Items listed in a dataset

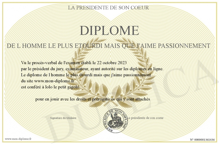 Envoyez par email votre diplôme de l homme le plus étourdi mais que j'aime passionnément personalisé
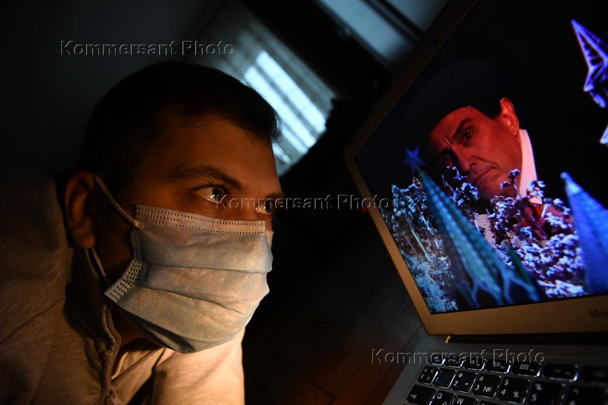 Genre photo. Live streaming of theatre shows during coronavirus COVID-19 quarantine and self-isolation regime. Live streaming of Chuk and Gek based on the short-story by Arkady Gaidar by staged by Mikhail Patlasov in the the Alexandrinsky Theater on a laptop screen.
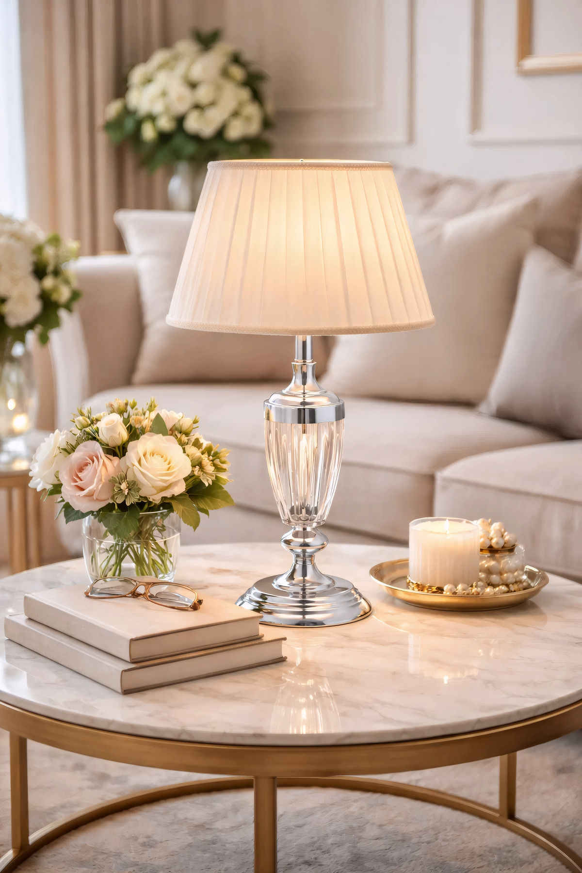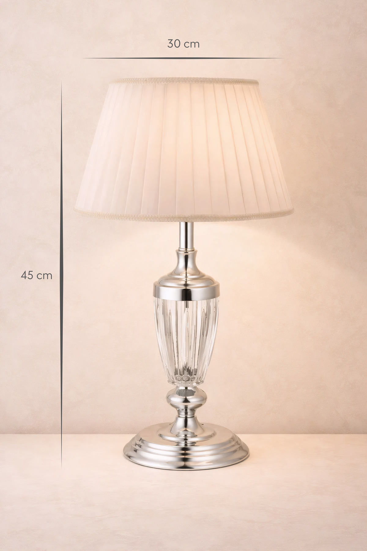 Şimdi evinize estetik bir dokunuş katmak ve modern aydınlatmanın keyfini çıkarmak için Jasmin Gümüş-Beyaz Pileli Abajur’u sepetinize ekleyin!
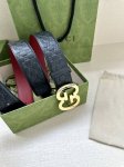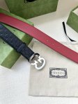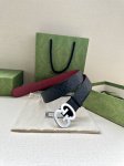 Width 4.0cm Gucci interlocking double G belt original steel buckle, derived from the brand's modern style collection design, after reinterpretation and unique innovation. Presented on the slender leather belt.
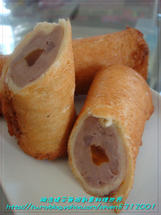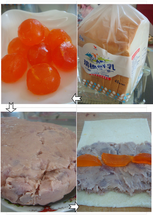 冷卻芋泥抹在土司上加入鹹蛋黃捲成圓筒狀
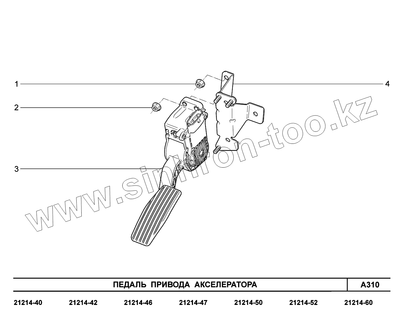 Каталог запасных частей к технике: ВАЗ LADA 4x4 Urban. A310. Педаль привода акселератора
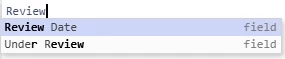 DateDiffDay(ReviewDate,Today()) It seems that the suggested field names in the expression builder are not suitable, as selecting them here will insert “[Review Date]” into the code, which does not work:
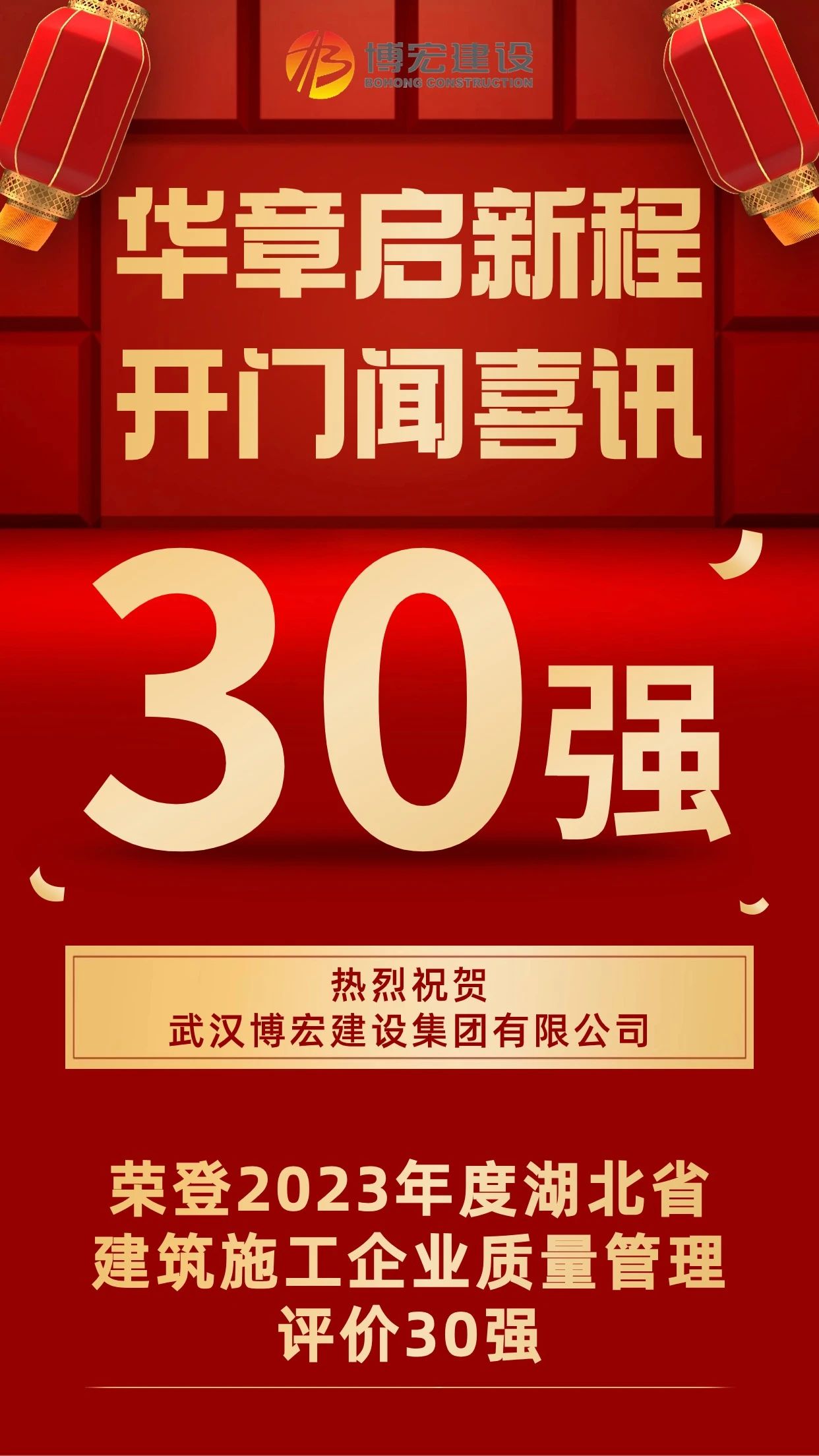 華章啟新程,開門聞喜訊。近日,湖北省建設工程質量安全協會公布2023年度湖北省建筑施工企業質量管理評價30強名單,博宏建設集團榮耀登榜!此次上榜是博宏建設集團繼2022年榜上有名后,再次憑借卓越的質量管理和施工實力登上榜單。
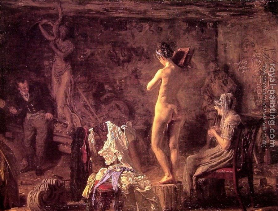 * Hand-painted Thomas Eakins Oil Painting Reproduction : William Rush Carving his Allegorical Figure of the Schuylkil
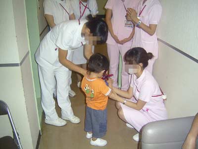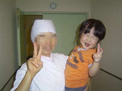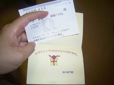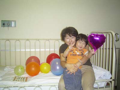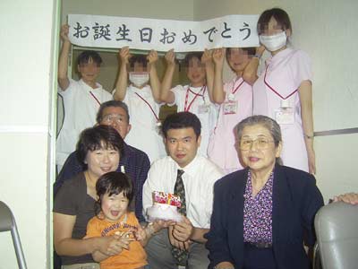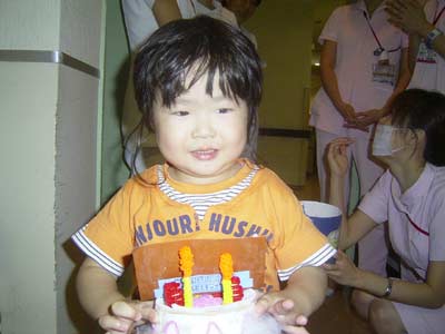 看護師さんに囲まれ、「♪ハッピー バースデー」を歌って貰う。
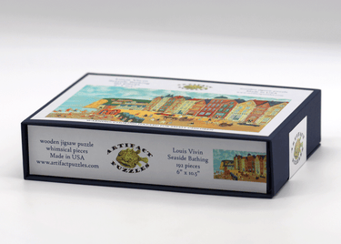 A 192 piece wooden jigsaw puzzle of a quaint seaside scene, featuring the cars, bathing suits, and buildings of the late 19th century, by French folk artist Louis Vivin.
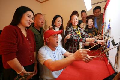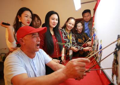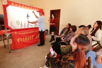 10月22日,湖北省竹山县非物质文化遗产堵河皮影戏传承人周承志在向“网红”大咖们讲授皮影知识和现场演唱。当日,该县网联会组织10名“网红”大咖专程来到兴茶村向周承志学习皮影艺术,并用抖音等平台宣传、传承皮影非遗文化。现已流传千年历史的堵河皮影戏是一种用民间打击乐、管弦乐伴奏,带有地方高腔韵味的民间戏曲剧种,2011年,堵河皮影被列入湖北省第二批非物质文化遗产代表性项目名录。十余年来,周承志带领竹坪皮影队常年活跃在鄂陕边陲两省四县。多次代表竹山皮影队在十堰、武汉和北京参加比赛或展演活动。
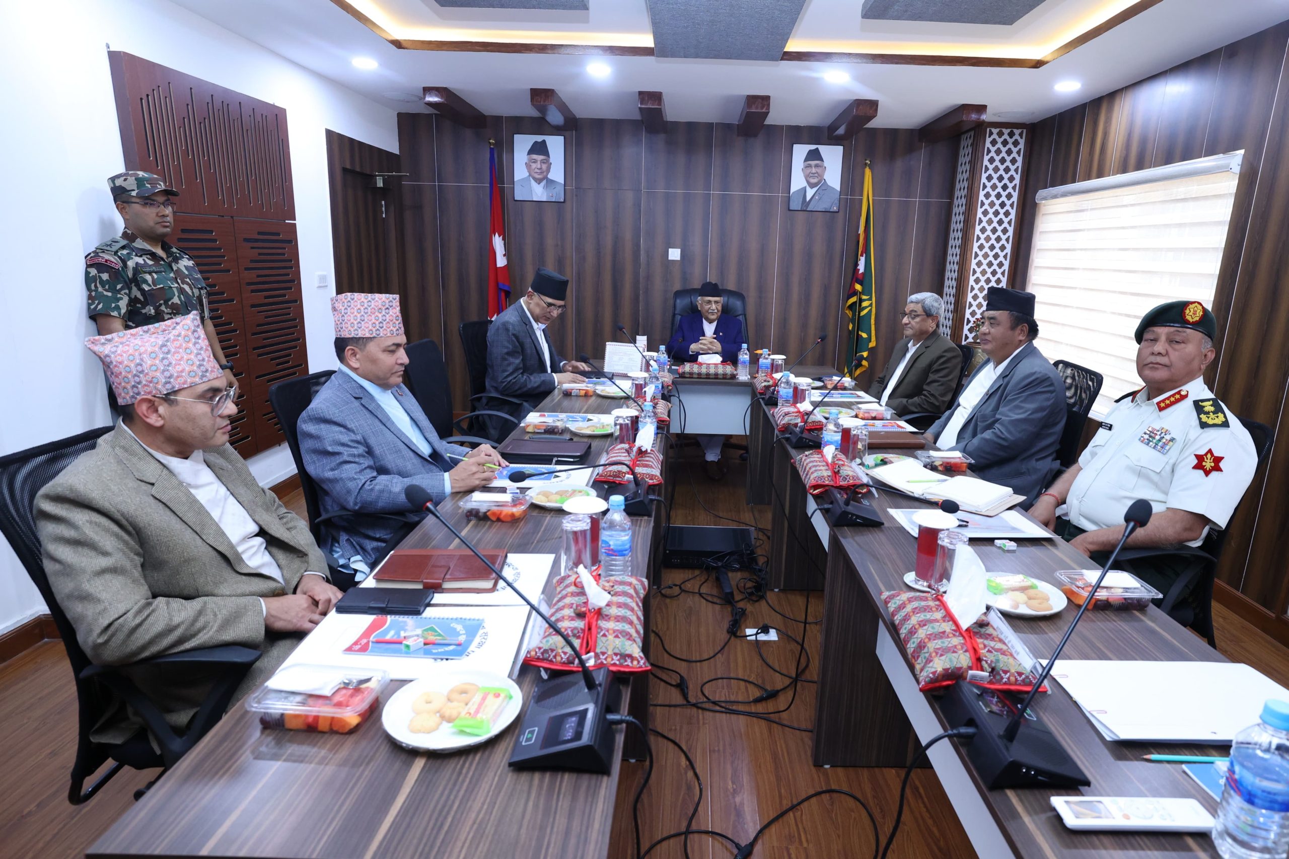 सिंहदरबारस्थित परिषद्को सचिवालयमा प्रधानमन्त्री एवम् परिषद्का अध्यक्ष केपी शर्मा ओलीको अध्यक्षतामा आज बसेको परिषद्को ३८औँ बैठकमा परिषद्का सदस्य उपप्रधानमन्त्री तथा अर्थमन्त्री, गृहमन्त्री, परराष्ट्रमन्त्री, रक्षामन्त्री, मुख्यसचिव, प्रधान सेनापति र रक्षासचिवको सहभागी हुनुहुन्थ्यो ।
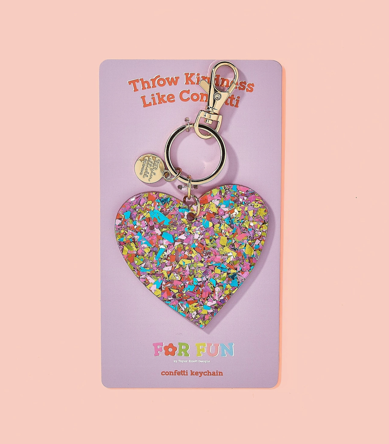 Details * Heart size: 3” x 3” * Backer card size: 3.6" x 6.7" * Gold metal keyring * Pink + colorful confetti mix
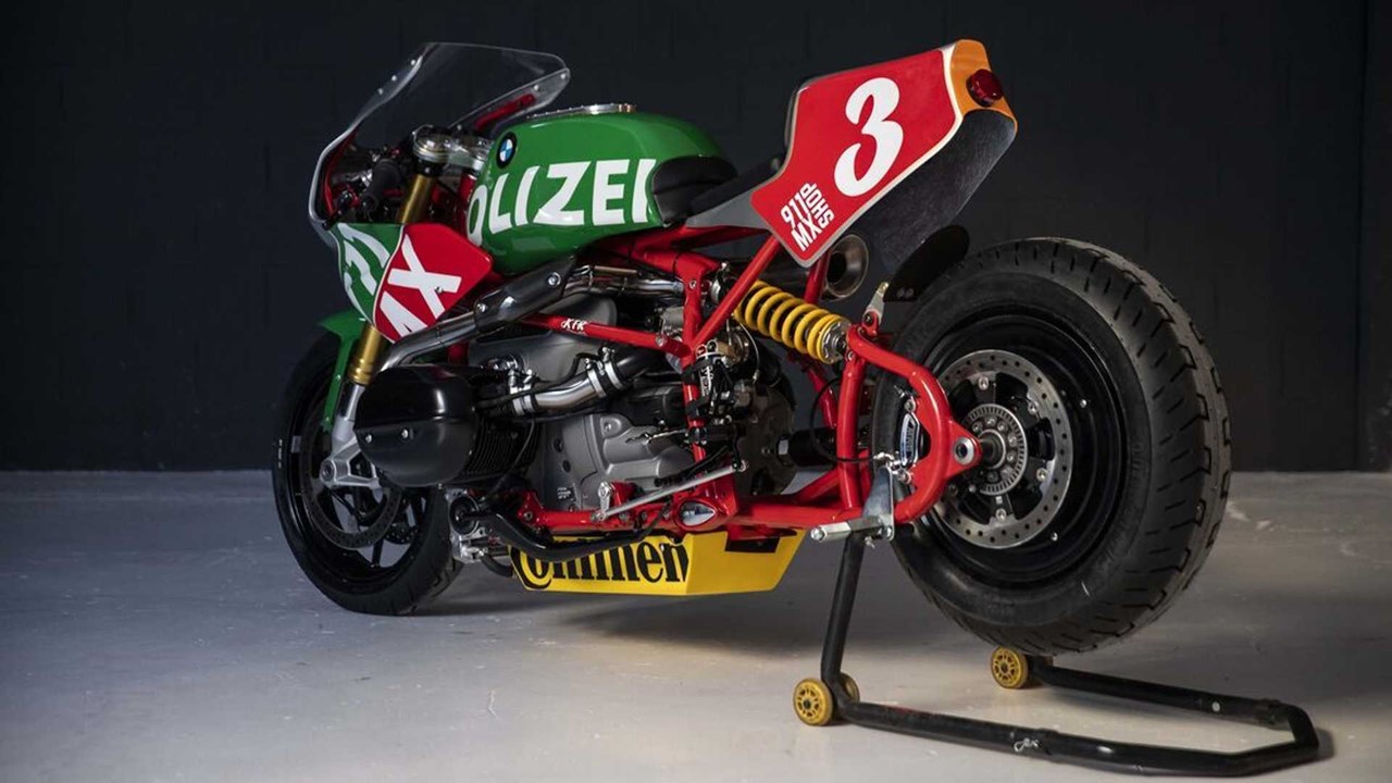 Το βάψιμο με το χαρακτηριστικό “Polizei” ενισχύει την αισθητική του café racer. Και, φυσικά, μια χειροποίητη, custom εξάτμιση με τελείωμα Spark XTR ανεβάζει ακόμη περισσότερο αισθητικά την κατασκευή, αλλά και τα ντεσιμπέλ.
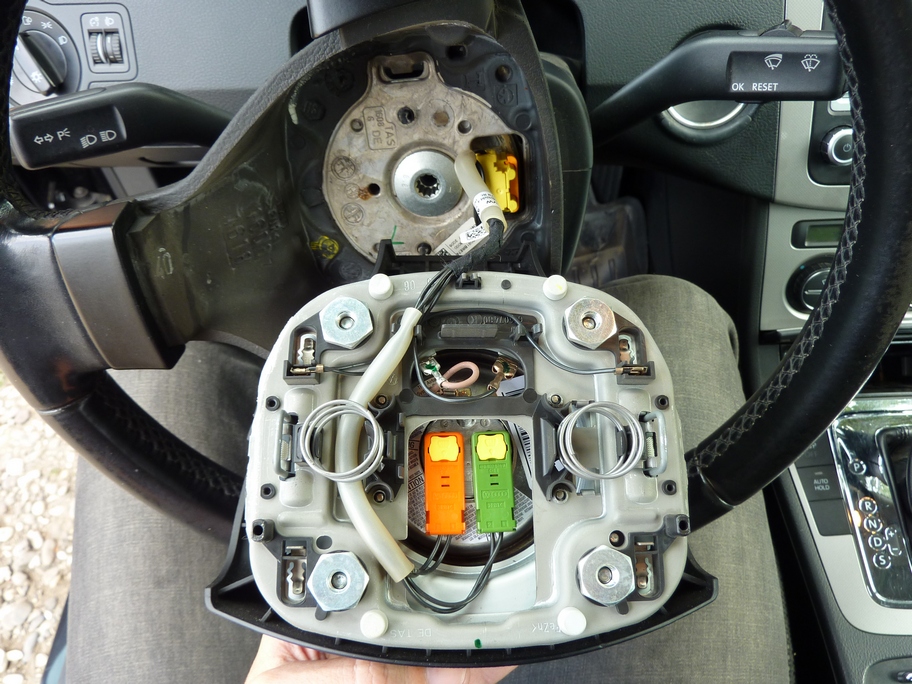 Подушка у него другая. .как у б7 !!! НУ и соответственно если была два пиропатрона у трехспицевого .. то ставить обманку!!
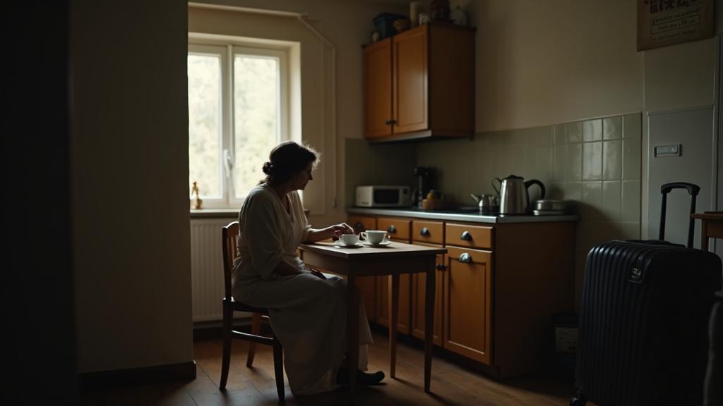 Ожидая возвращения мужа, Ганна сидела на кухне, неспешно потягивая чай с чабрецом. Услышав, как в замке повернулся ключ, она поднялась и встала в дверном проеме. Вошёл Олег — сдержанный и молчаливый.

What you will do = Return the opening line of the data above and every line after it up to and including the line that holds "Genre photo. Live"; pictures stay out.

Solved problem =
 Envoyez par email votre diplôme de l homme le plus étourdi mais que j'aime passionnément personalisé
 Genre photo. Live streaming of theatre shows during coronavirus COVID-19 quarantine and self-isolation regime. Live streaming of Chuk and Gek based on the short-story by Arkady Gaidar by staged by Mikhail Patlasov in the the Alexandrinsky Theater on a laptop screen.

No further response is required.